• GOAL OF THE EXERCISE: In the listing below, find the line containing "Allegheny Mountain String" and the line containing "The saloon tables", then copy exactly everything from the first through the second, except the pictures.

• DATASET ENTRIES:
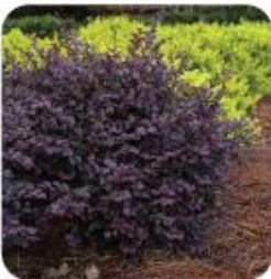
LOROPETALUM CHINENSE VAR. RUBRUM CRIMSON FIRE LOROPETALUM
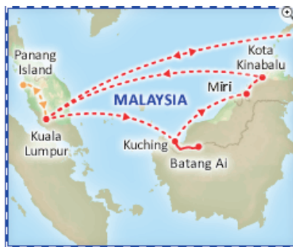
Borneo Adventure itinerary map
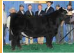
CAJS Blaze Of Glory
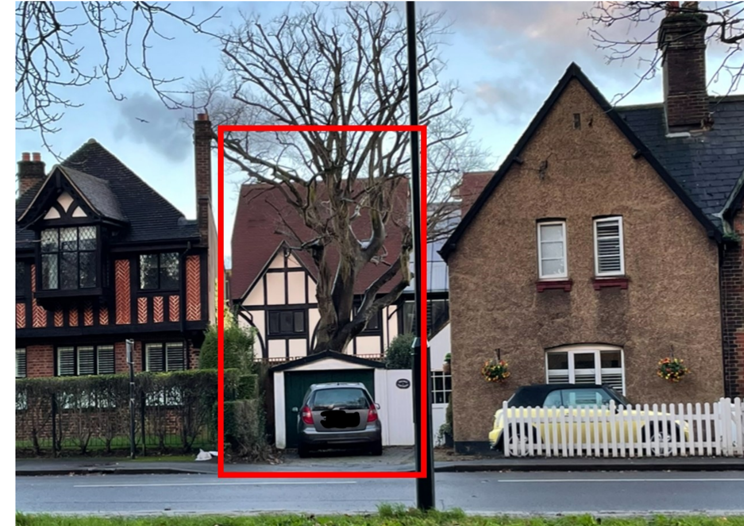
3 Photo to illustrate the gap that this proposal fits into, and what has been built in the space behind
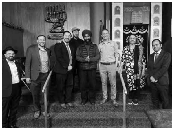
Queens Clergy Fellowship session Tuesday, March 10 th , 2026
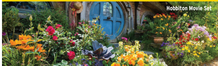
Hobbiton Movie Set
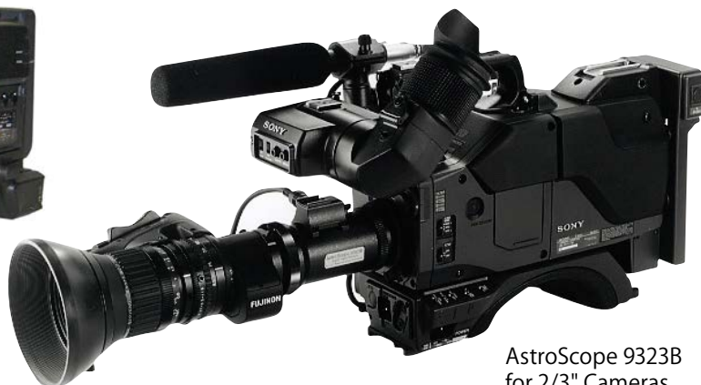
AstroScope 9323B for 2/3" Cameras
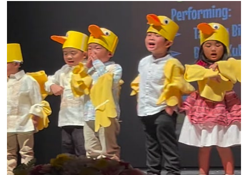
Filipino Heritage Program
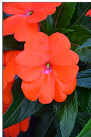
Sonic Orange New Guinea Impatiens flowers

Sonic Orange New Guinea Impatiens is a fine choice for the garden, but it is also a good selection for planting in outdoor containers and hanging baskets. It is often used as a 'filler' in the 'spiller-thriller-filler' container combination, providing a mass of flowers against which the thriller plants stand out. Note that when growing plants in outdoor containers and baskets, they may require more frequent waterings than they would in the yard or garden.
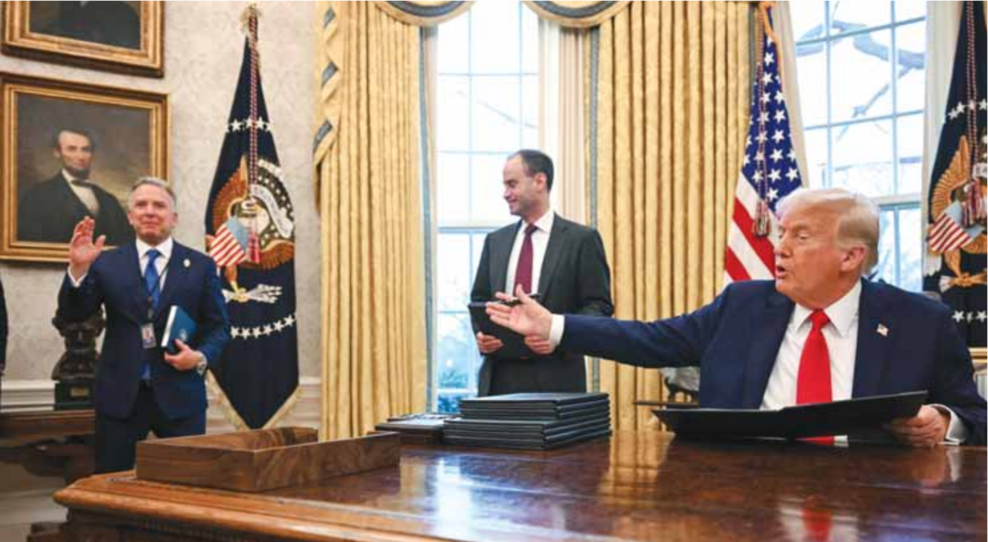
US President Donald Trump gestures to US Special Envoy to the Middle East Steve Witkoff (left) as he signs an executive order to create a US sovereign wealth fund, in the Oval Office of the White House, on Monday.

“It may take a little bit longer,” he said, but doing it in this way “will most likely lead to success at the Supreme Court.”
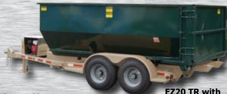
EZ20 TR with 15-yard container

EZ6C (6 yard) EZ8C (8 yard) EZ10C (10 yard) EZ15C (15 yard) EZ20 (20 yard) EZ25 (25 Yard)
==
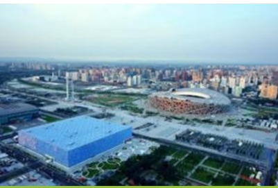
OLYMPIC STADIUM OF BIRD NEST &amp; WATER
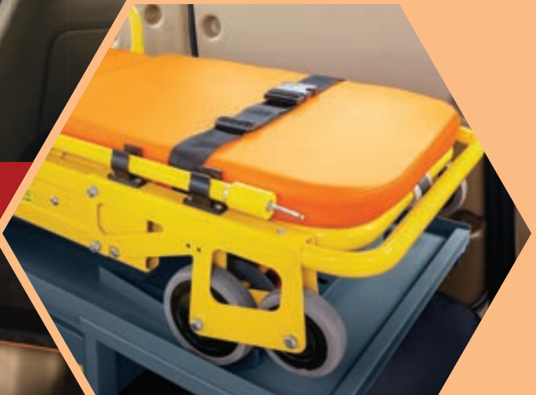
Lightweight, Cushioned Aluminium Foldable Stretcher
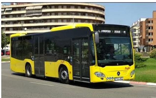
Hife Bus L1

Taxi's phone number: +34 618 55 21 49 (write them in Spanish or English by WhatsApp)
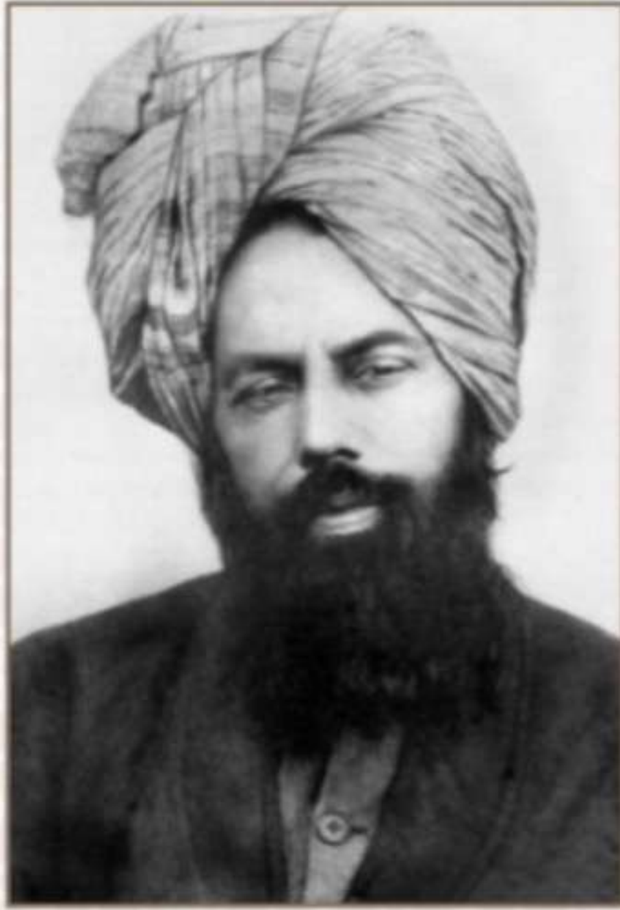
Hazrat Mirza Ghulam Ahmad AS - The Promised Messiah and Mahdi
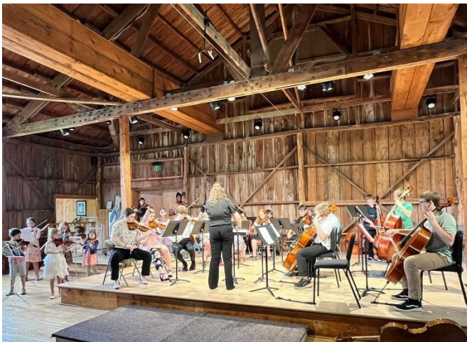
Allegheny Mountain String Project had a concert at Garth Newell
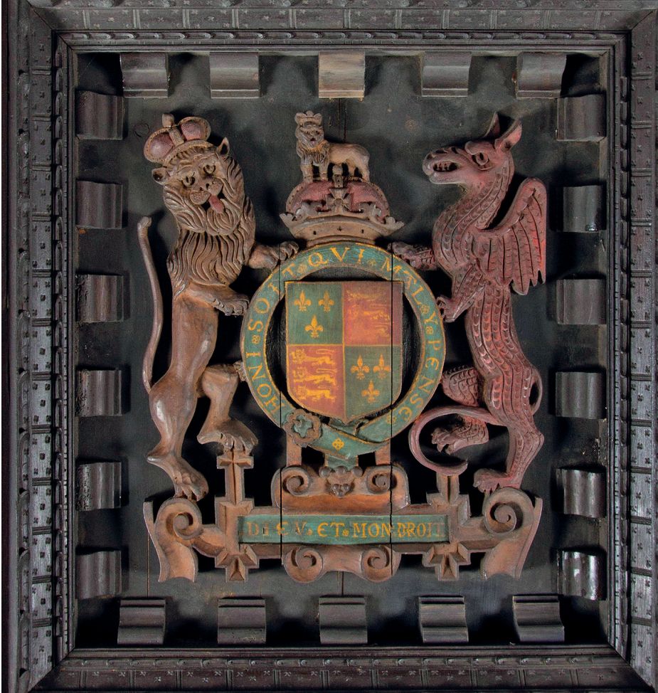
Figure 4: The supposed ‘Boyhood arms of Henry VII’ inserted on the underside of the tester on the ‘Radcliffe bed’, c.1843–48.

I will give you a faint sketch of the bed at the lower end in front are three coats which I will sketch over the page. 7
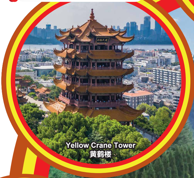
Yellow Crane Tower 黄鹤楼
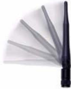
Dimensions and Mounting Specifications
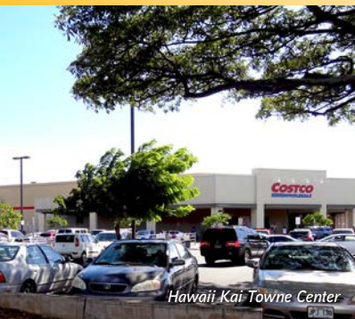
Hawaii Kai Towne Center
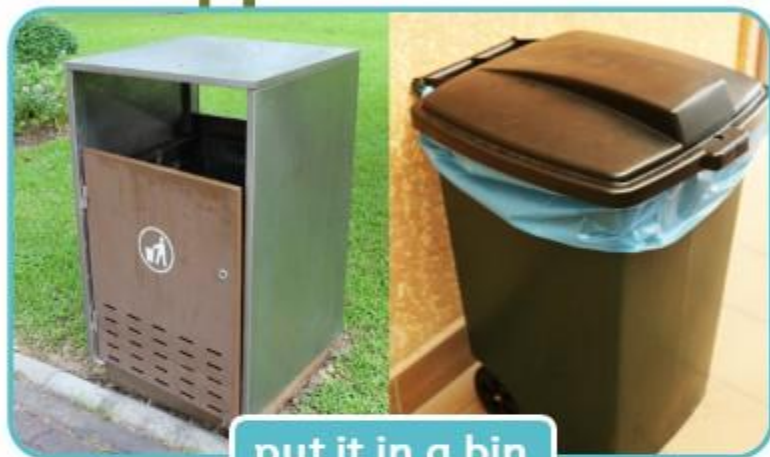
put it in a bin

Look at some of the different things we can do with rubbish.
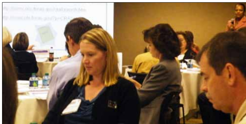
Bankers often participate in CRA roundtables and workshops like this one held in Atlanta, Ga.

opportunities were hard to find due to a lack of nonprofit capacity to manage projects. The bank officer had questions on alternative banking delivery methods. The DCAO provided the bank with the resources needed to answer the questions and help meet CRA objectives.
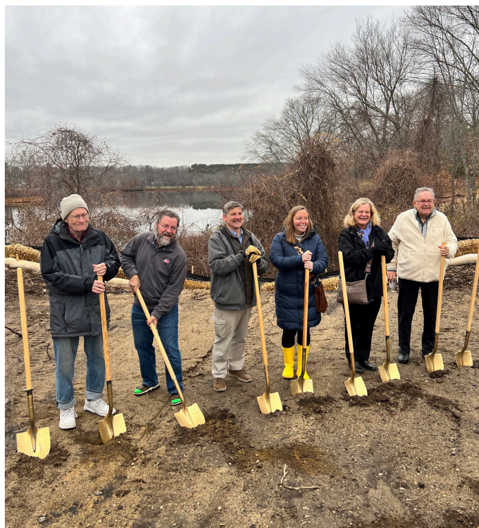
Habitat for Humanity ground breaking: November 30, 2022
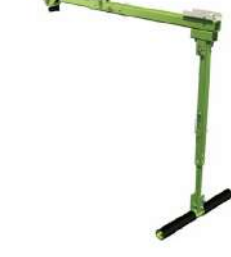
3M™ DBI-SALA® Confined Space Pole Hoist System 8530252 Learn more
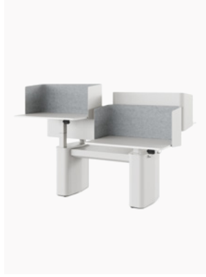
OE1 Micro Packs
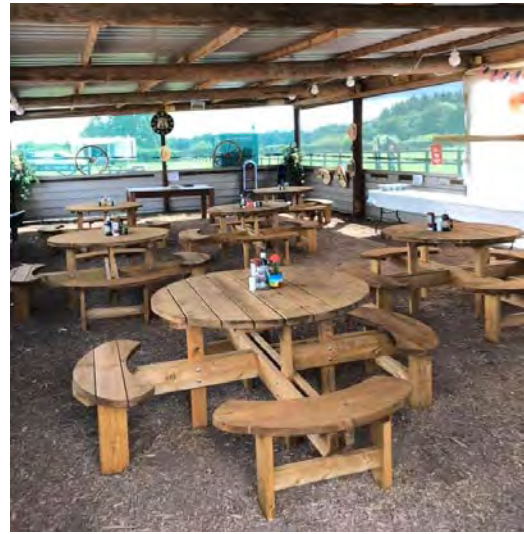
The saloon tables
--
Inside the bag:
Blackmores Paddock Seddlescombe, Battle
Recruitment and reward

• ANSWER TO THE EXERCISE:
Allegheny Mountain String Project had a concert at Garth Newell
Figure 4: The supposed ‘Boyhood arms of Henry VII’ inserted on the underside of the tester on the ‘Radcliffe bed’, c.1843–48.

I will give you a faint sketch of the bed at the lower end in front are three coats which I will sketch over the page. 7
Yellow Crane Tower 黄鹤楼
Dimensions and Mounting Specifications
Hawaii Kai Towne Center
put it in a bin

Look at some of the different things we can do with rubbish.
Bankers often participate in CRA roundtables and workshops like this one held in Atlanta, Ga.

opportunities were hard to find due to a lack of nonprofit capacity to manage projects. The bank officer had questions on alternative banking delivery methods. The DCAO provided the bank with the resources needed to answer the questions and help meet CRA objectives.
Habitat for Humanity ground breaking: November 30, 2022
3M™ DBI-SALA® Confined Space Pole Hoist System 8530252 Learn more
OE1 Micro Packs
The saloon tables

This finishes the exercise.